Beyond that, there were some aesthetic changes made to both the caliper and lever, but overall the G2 represents a subtle but definitely not insignificant evolution in SRAM's trail brake offering. And that's just about how I'd describe how it behaves on the trail.
That increase in stiffness is the first thing I noticed. It’s why the G2 has inched, ever so slightly, toward the Code family. I only rode the RSC version, and even without the benefit of a ball-bearing lever pivot, I still sensed the soul of my Codes in that little extra bit of stiffness. Everything else about the feel is familiarly Guide-like. The size of the lever blade and the initial bite are about what I already expected. Beyond that initial bite, though, I found it easier to mange the power when I was riding at speed. Slight adjustments didn’t require as much force as the Guides I knew. But when those adjustments weren’t so slight, and I was on the edge of what a trail-oriented brake is meant to handle, I found the limit to the G2’s capability is still a ways short of the Code’s.

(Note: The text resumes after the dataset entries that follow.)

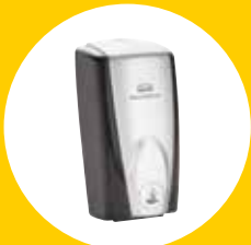
AUTOFOAM TOUCH-FREE DISPENSER FG750411
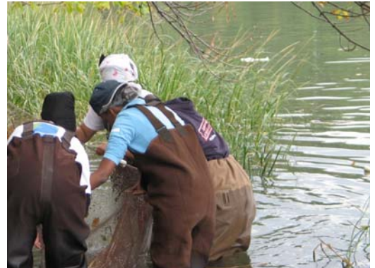
Inwood Hill Park is near Hudson River Mile 14.
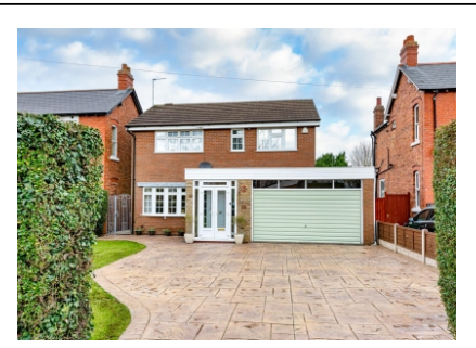
230a Trysull Road, Merry Hill, Wolverhampton
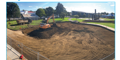
Work on the new Kerikeri Domain playground is due for completion in June.

Work on a new playground for Kerikeri Domain is now underway and is due for completion in June. The play area will include a flying fox, swings, slides, tunnels, a climbing wall, towers and shade sails for protection. The playground is a part of the Kerikeri Domain Revitalisation Project, which has already completed a new skate park and full-sized basketball court, both of which have proved to be a huge hit with locals and visitors. The Council received $3 million from the Government's COVID-19 Response and Recovery Fund to deliver priority domain infrastructure. A grand opening of the whole revitalisation project is scheduled for later this year.

But these brakes aren’t supposed to be Codes. In those rare scenarios when I wanted Code power out of the G2, I was on trails and at speeds that, if I were to revisit regularly, I would have Codes. When the G2s were in their element, they were a treat compared to the Guides. The Power pad compound is no noisier than the metallics I usually run, and has a pleasantly bitey-er feel. That extra stiffness makes them more predictable when I’m at the edge of what a trail brake can handle, and more comfortable when I’m not.
Again, the changes between G2 and Guide are subtle, so it would follow that the changes out on the trail are too. But it’s unquestionable that they are changes for the better. Will we be having another conversation two years from now about some yet unknown problem lurking inside every G2 brake? It’s not impossible. You could say the same about every new part that comes on the market. But the very subtlety of the refinements made to the G2 is evidence that SRAM sweats the details, and our bikes just got a little better because of it.